▶ Exercise material
════

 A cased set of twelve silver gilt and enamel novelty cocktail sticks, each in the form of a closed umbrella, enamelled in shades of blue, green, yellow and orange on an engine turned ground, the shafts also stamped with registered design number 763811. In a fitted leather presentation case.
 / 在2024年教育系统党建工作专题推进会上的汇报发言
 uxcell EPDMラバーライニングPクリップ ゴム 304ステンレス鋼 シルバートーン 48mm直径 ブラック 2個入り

════

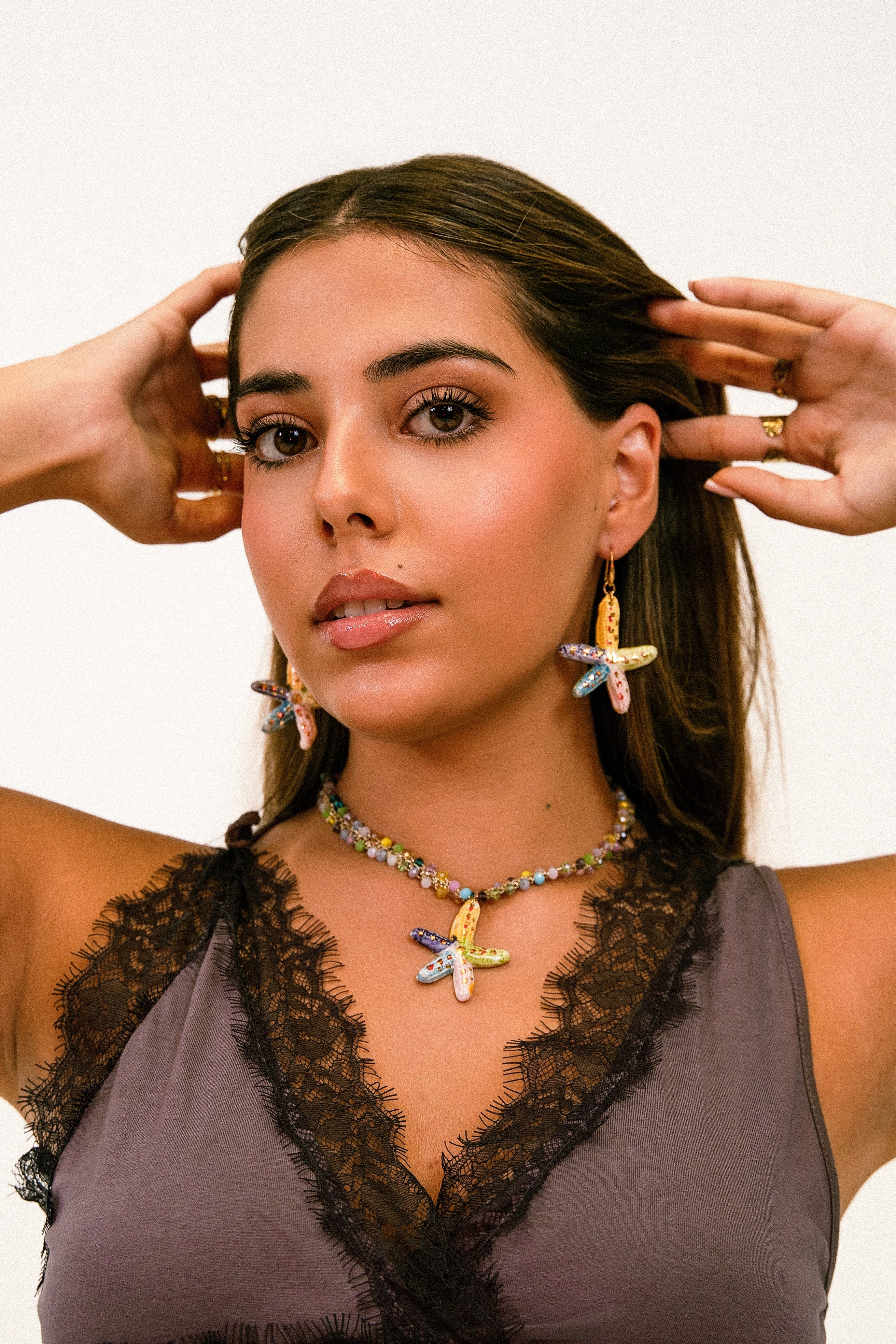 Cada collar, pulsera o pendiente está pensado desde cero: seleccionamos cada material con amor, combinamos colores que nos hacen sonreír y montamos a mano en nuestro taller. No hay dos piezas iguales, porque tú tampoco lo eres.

════

▶ Directions for this task
Using the records above, set down exactly the lines from the one with "A cased set" through the one with "uxcell EPDMラバーライニングPクリップ ゴム", inclusive, and nothing more.

▶ Response box
 A cased set of twelve silver gilt and enamel novelty cocktail sticks, each in the form of a closed umbrella, enamelled in shades of blue, green, yellow and orange on an engine turned ground, the shafts also stamped with registered design number 763811. In a fitted leather presentation case.
 / 在2024年教育系统党建工作专题推进会上的汇报发言
 uxcell EPDMラバーライニングPクリップ ゴム 304ステンレス鋼 シルバートーン 48mm直径 ブラック 2個入り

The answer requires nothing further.